# How to create a (slow) interpreter - Part 1: Tokens

Published on  2019-07-22

# How to create a (slow) interpreter - Part 1: Tokens Photo by Andreas Brücker on Unsplash  Last time, we had a simple syntax to our language, it's now time to get our hands dirty and start writing some code.

## Divide and conquer

First, we need to think about what our interpreter needs to compute. As an input, we will feed it a text containing the code and as an output it will either return a list of errors or a text output. We must ask ourselves how it will read this initial text and understand commands.

It's already pretty obvious regarding how we defined the syntax that we can safely split along the line breaks to get the instruction lines. So let's take that for granted.

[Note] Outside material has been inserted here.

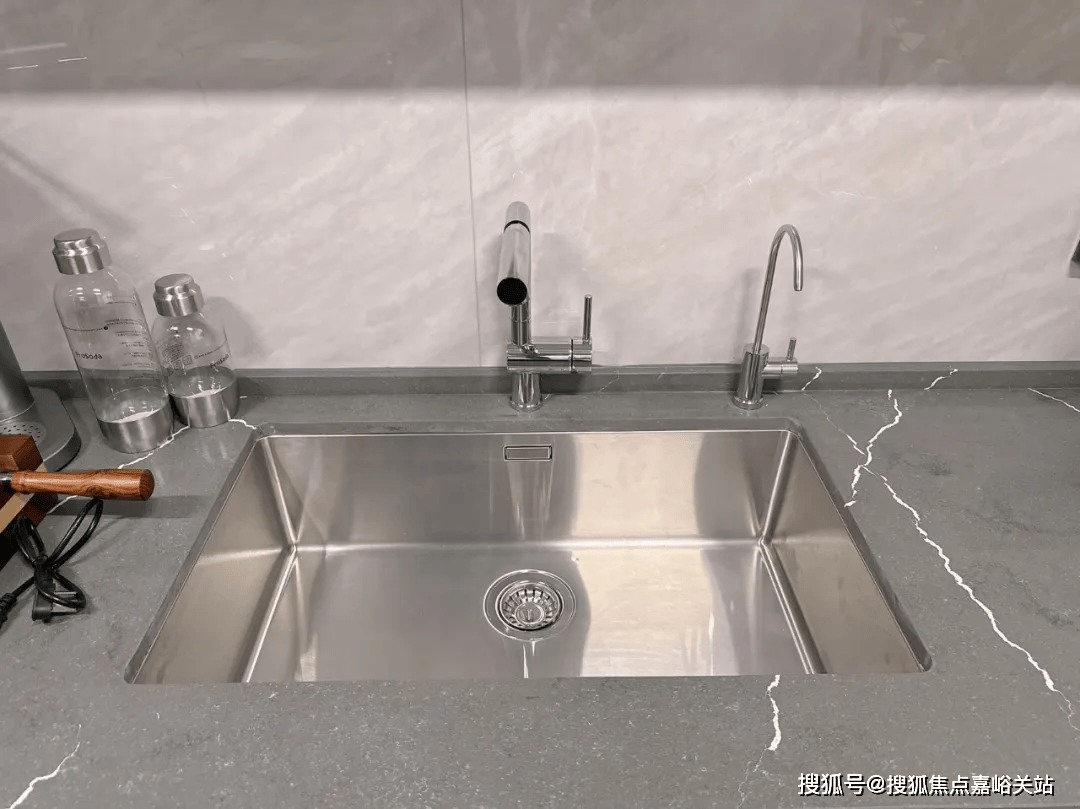 水槽采用的是铂浪高不锈钢大单盆:共同抽拉式水龙头,

When you read a text like `The cat is blue`, we can easily count words as we are familiar with this type of sentences. Now imagine we happen to read the line `VAR A = 169`, how many words do you see? That's a tricky question, answers may vary considering how you are reading this. Some may argue that only `VAR` is a valid word, others would say that there are 2 or 3 in total.

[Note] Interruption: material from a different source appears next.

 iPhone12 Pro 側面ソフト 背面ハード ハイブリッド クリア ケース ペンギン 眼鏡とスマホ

Since we cannot define instructions from words, we will use another object that holds information: tokens. In the last example we can see 4 tokens:

• `VAR`: a word of 3 letters
• `A`: a word of 1 letter
• `=`: a symbol
• `169` a number

Let's try that on harder example: `WHILE var != var2 + 1 && var < (5.2 - var3) ^ -2`. How many tokens do you think there are?

And the anwser is… (click)

If you guessed 17, you were right, the full decomposition is:

`WHILE`, `var`, `!=`, `var2`, `+`, `1`, `&&`, `var`, `<`, `(`, `5.2`, `-`, `var3`, `)`, `^`, `-`, `2`

Working on this case, the first rule we realize is that splitting along spaces will not work (and should not work) as, for example, `VAR A=169` has a valid syntax. We can break up "tokenizing" into these 6 rules:

1. A word is starting with a letter and can contain letters, numbers and underscores, like built-in commands `WHILE`, `IF` or variable names `myAwesomeVar_12`.
2. Spaces are meaningless excepted between 2 words: we can shrink `A +` but not `IF A`.
3. Some symbols are acting as separators like `(` or `+`.
4. Numbers are digits and can include a floating point like `2.03`.
5. Some symbols must be merged together like `&&` or `>=`.
6. Numbers and variables can possess a leading leading sign like `-2` or `-varA`.*

* The last one is special as we will handle this task here and it will only be used later in another function.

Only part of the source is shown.